The melt conveying part is used for stirring and mixing the melt along the screw of the extruder 3 and conveying it to the homogenizing conveying part; wherein, the temperature of the melt conveying part is required to be close to the melting point of the raw material, which can ensure sufficient melting and plasticizing of the raw material. effect.

The homogenizing conveying part is used to continuously melt and stabilize the melt and convey it to the heating and heat preservation part;

The heating and heat preservation part is used to stabilize the temperature of the melt;

The extrusion die head is used to extrude the melt and form a tubular strand.

In a specific embodiment, the material conveying part is provided with a first temperature control part for controlling the conveying temperature of the cooling masterbatch, which can stably control the conveying temperature of the cooling masterbatch and has good reliability. The material melting part is provided with a second temperature control part for controlling the melting temperature of the cooling masterbatch, which can stably control the melting temperature of the cooling masterbatch and has good reliability. The melt conveying part is provided with a third temperature control part for controlling the mixing and conveying temperature of the melt along the screw of the extruder 3, which can stably control the mixing and conveying of the melt along the screw of the extruder 3 temperature and good reliability. The homogenizing and conveying part is provided with a fourth temperature control part for controlling the continuous melting and stable temperature of the melt and the conveying temperature, which can stably control the temperature at which the melt continues to melt, stabilize and convey, and has good reliability. The heating and heat preservation part is provided with a fifth temperature control part for stabilizing the temperature of the melt, so that the temperature of the melt can be stably controlled. The extrusion die head is provided with a sixth temperature control part for controlling the temperature of extruding the melt and forming the tubular strand, which can stably control the temperature of extruding the melt and forming the tubular strand, and has good reliability.

In a specific embodiment, the first temperature control part is used to keep the conveying temperature of the cooling masterbatch at 110-140 degrees Celsius. The second temperature control part is used to keep the melting temperature of the cooling masterbatch at 140-180 degrees Celsius. The third temperature control part is used to keep the temperature at which the melt is stirred, mixed and conveyed along the screw of the extruder 3 at 150-180 degrees Celsius. The fourth temperature control part is used to keep the temperature at which the melt continues to be melted stably and transported at 150-180 degrees Celsius. The fifth temperature control part is used to keep the stable temperature of the melt at 140-165 degrees Celsius.
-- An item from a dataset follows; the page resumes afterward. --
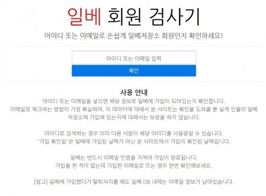 일베 회원 검사기 홈페이지에 접속 후 아이디 또는 이메일 주소를 입력하면 그 사람이 '일베' 회원인지 아닌지를 확인할 수 있다.

The sixth temperature control part is used to keep the temperature at which the melt is extruded and formed into a tubular strand at 130-150 degrees Celsius, and can be adjusted according to the extrusion state of the material.

In a specific embodiment, the second setting device includes a second vacuum cooling setting sleeve for setting the structure, shape and size of the cooling tube parison, which can quickly complete the structure, shape and size setting of the cooling tube parison. Wherein, the temperature of the second vacuum cooling and shaping sleeve is 30-60 degrees Celsius, which can ensure the cooling and shaping effect of the cooling tube parison, and avoid the rapid cooling and shrinkage of the cooling tube parison.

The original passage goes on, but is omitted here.